Thursday, 30 October 2014

Jian Ghomeshi, Privilege, and Consent

Let me be the first to say that I loved Jian Ghomeshi from the first listen. His stature to me only grew over the next decade, including meeting him twice in 2007. I was surprised on Monday when my friend Jenn texted me that there was news about him. When I saw he was fired from the CBC it took mere moments to find a wide range of information about his 'departure'.

In this post I aim to write about the public reaction to Jian's firing. The details of the sexual assault allegations are appalling and, as much as they are deeply troubling and central to this case, these issues need to be sorted out in a legal environment.

I'd also like to point out that I think it'd be helpful if more people would at least try to separate his professional work from his personal life. Much of the reaction that has come to Jian's side has used his body of work to build him up as an upstanding man.
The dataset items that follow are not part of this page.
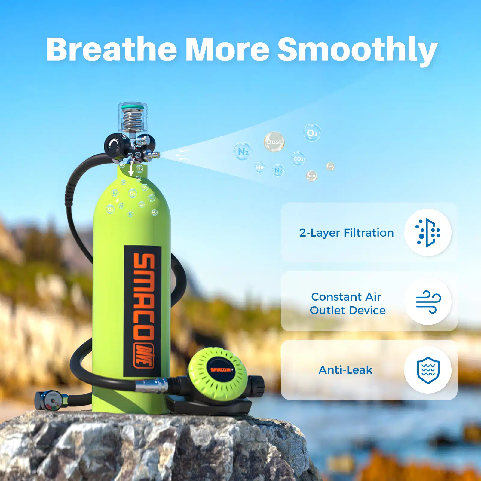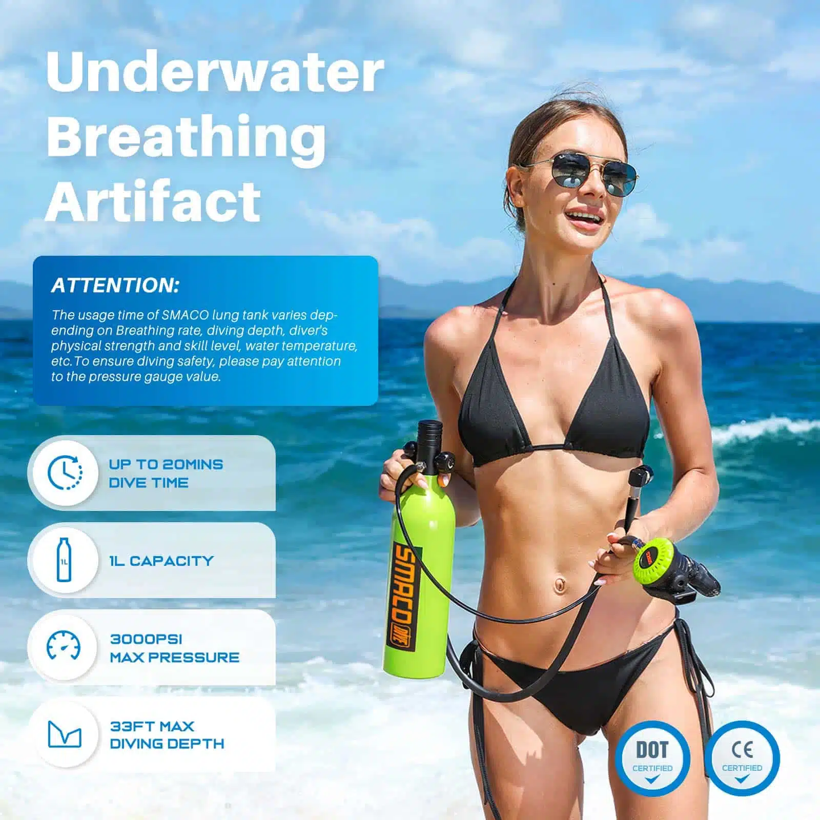 SMACO S400 PRO has a capacity of 1L and can provide up to 20 minutes of diving time.
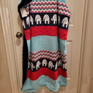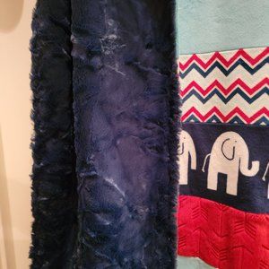 New Handmade Minky Navy, Red, and Blue Elephant Blanket
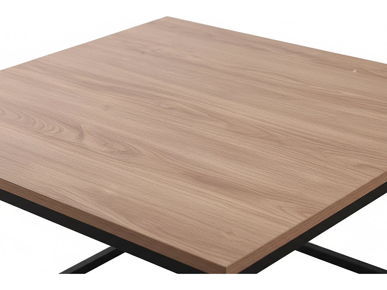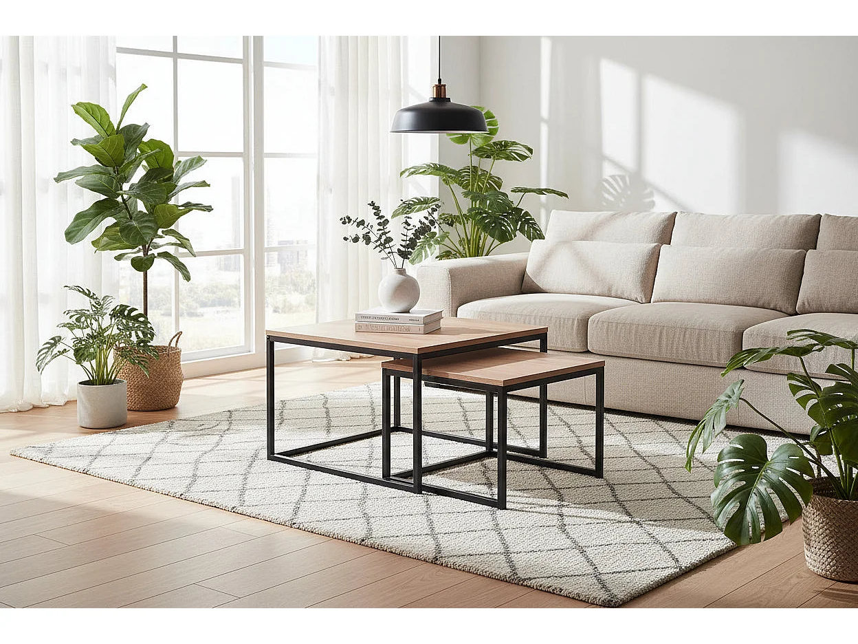 Lot 2 Tables Basses Gigognes BELGRADE Métal Noir Plateau Bois Effet Chêne Griffé 70x70x46 / 50x50x40cm
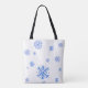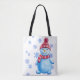 Eine zweiseitige, zerklüftete Tasche mit einem Schneemann auf der einen Seite und abfallenden Schneeflocken auf der anderen. Es ist eine schöne, zweiseitige, robuste Tasche, die ideal für Geschenke ist und kann auch als wiederverwendbare Geschenktasche verwendet werden, um einige Geschenke an Ihre Freunde Tasche.
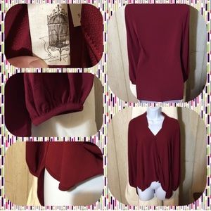 Burgundy makes for a rich looking blouse. Mandarin collar that leads to a diagonal wrap closing, which is tacked closed at the top and gives a flouncy hem in the front. The long sleeves end with a fitted band hem. The longer back hem is a straight cut. 95% polyester and 5% spandex. Made in the USA. Machine wash warm and tumble dry low. Bust is 32" front length 22" Back length 26"
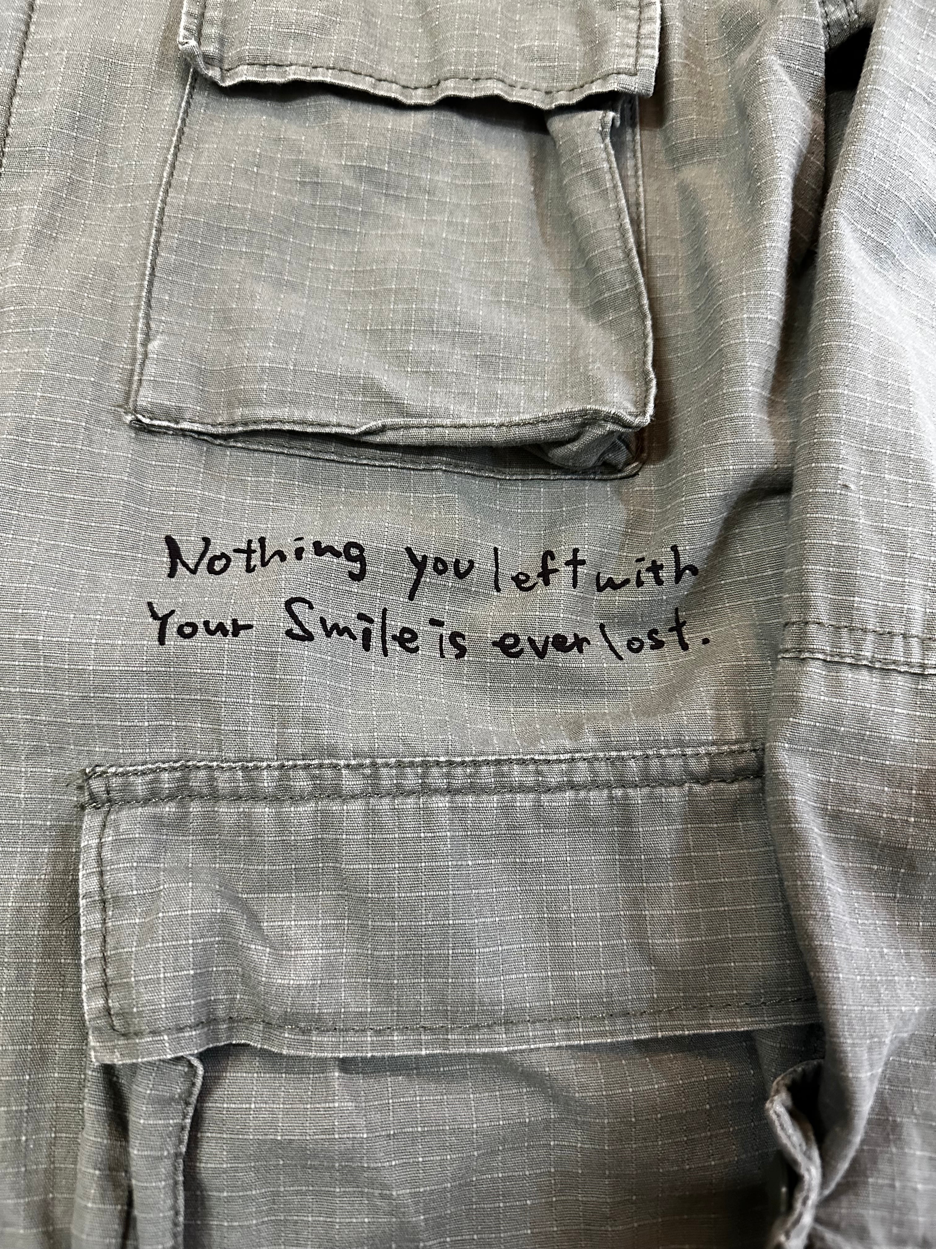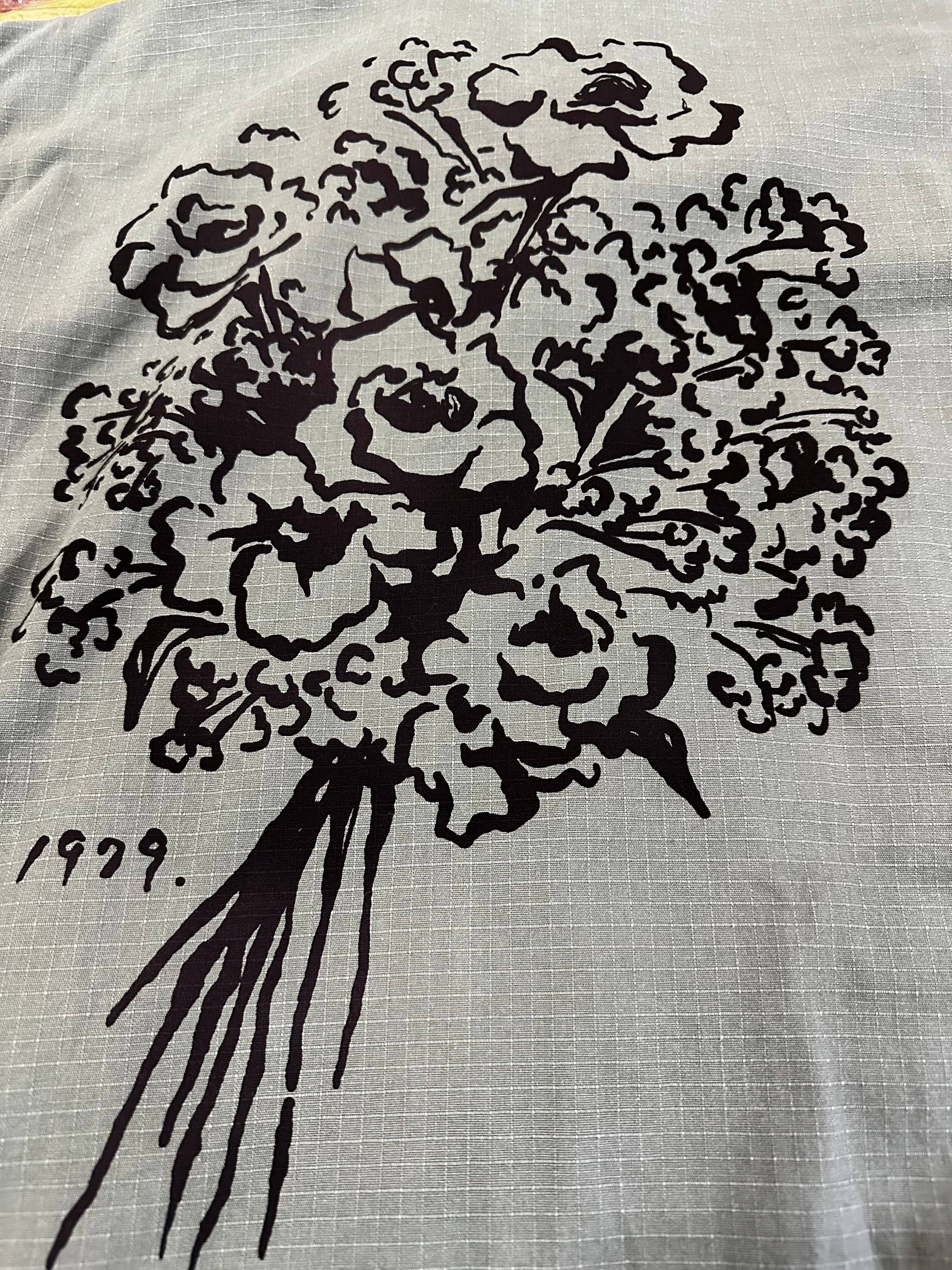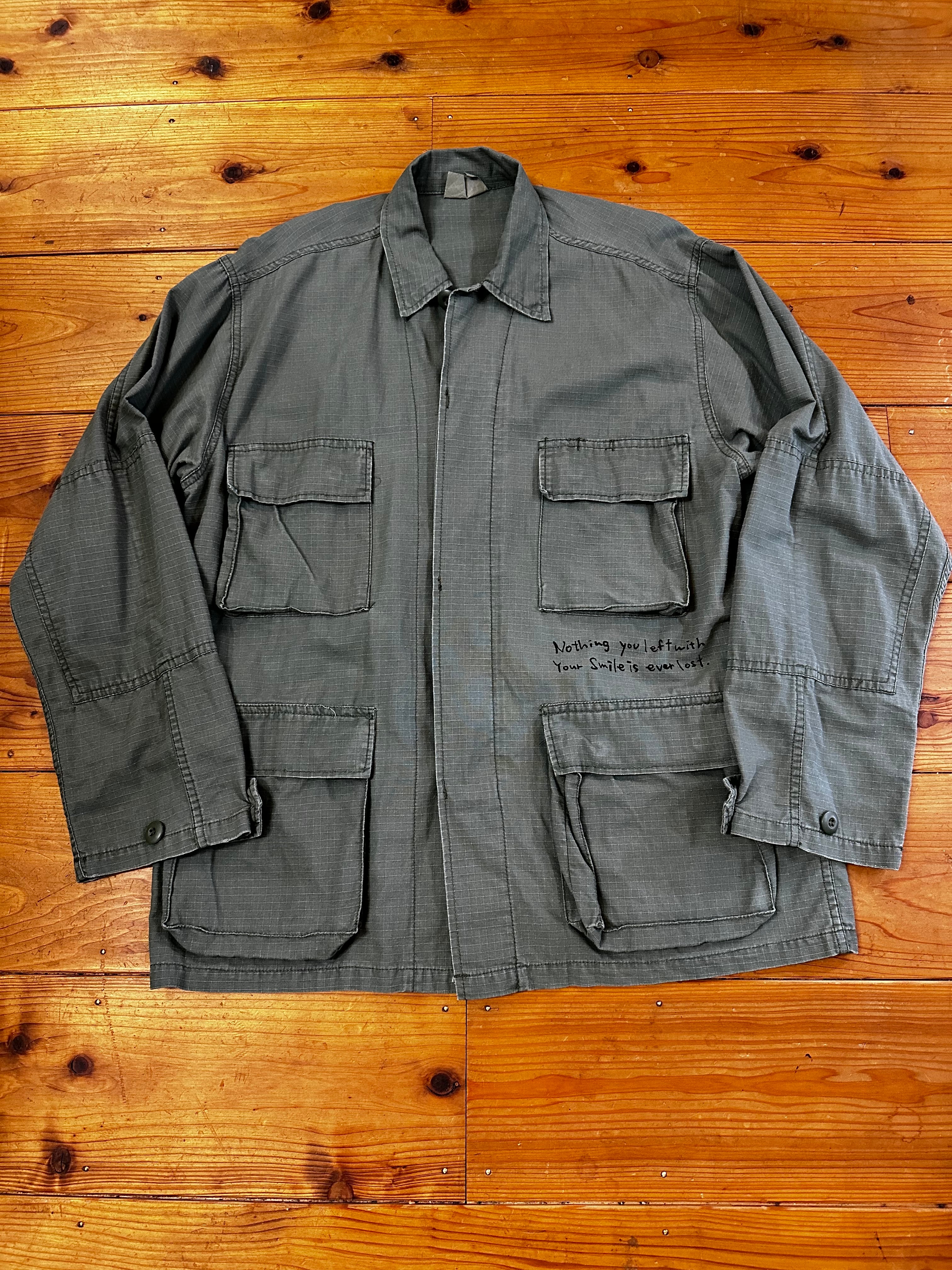 MILITAYのシャツジャケット 染み込みインクを使っているので洗い込んでいけばいい感じに味が出ると思います。 身幅56cm 着丈72cm 古着へプリントしている為、古着にご理解の上でご購入宜しくお願いします。
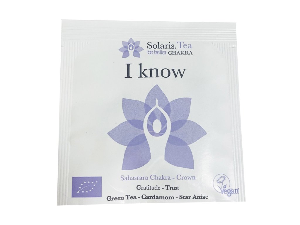 - I Know – Temenná čakra: zelený čaj, kardamón, pomarančová a citrónová kôra, klinček, aníz
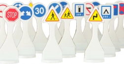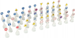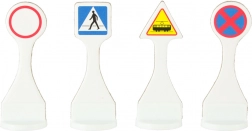 Široký výběr nejpoužívanějších značek v různých tvarech a barvách umožní dětem vytvářet skutečné dopravní situace a učit se bezpečně hrou.

This of course was aided by the fact that Jian decided quite quickly to make his own emotionally-charged public statement in which he definitely attempted to paint himself as both a victim and as someone who has worked hard to gain the respect of Canadians.

Jian's PR move (let's recognise it for what it is) has been pulled from the book of privileged men attempting to deflect allegations of sexual assault. Males already have a significant amount of privilege in modern western societies (despite what many of them will have you think). In particular, when it comes to sexual misconduct we are programmed to have sympathy for the male who is falsely accused by a "jilted" former partner. This is amplified significantly when you add other layers of privilege, like class, social status, or education. Jian is about as close as a media personality in Canada is ever going to come to being a rock star. He is known both nationally and around the world as a arts and culture superstar.

The other salient element is consent. Jian went out of his way to mention numerous times in his statement that he engaged in sexual practices that were consensual, as well as "exciting" for everyone involved. Consent is already an isuse that our society has enough trouble understanding. Consent cannot be given under duress, in an intoxicated state, or when someone is in a position of privilege. All the people that came forward most certainly did not give their consent. And those are just the ones who came forward.

In line with misunderstandings about consent and public apologia for men of privilege, it's no surprise that women don't line up to publicly or privately come forward with allegations of sexual assault. One of the most powerful hashtags I've seen this year is #whyistayed. Victims of sexual violence and intimidation have numerous reasons to not come forward and they should be respected for their courage in stepping up. They have so much to lose and often so little to gain.

This is a time for a national discussion about consent as much as it is a time for hopefulness. Many Canadians have shown that they will not be intimidated by Jian's immense stature. Many others have shown immense support. I've read so many fantastic articles that empower the victims in this case. Hopefully that will convince others to come forward, leave unhealthy relationships, or talk to others about issues like consent.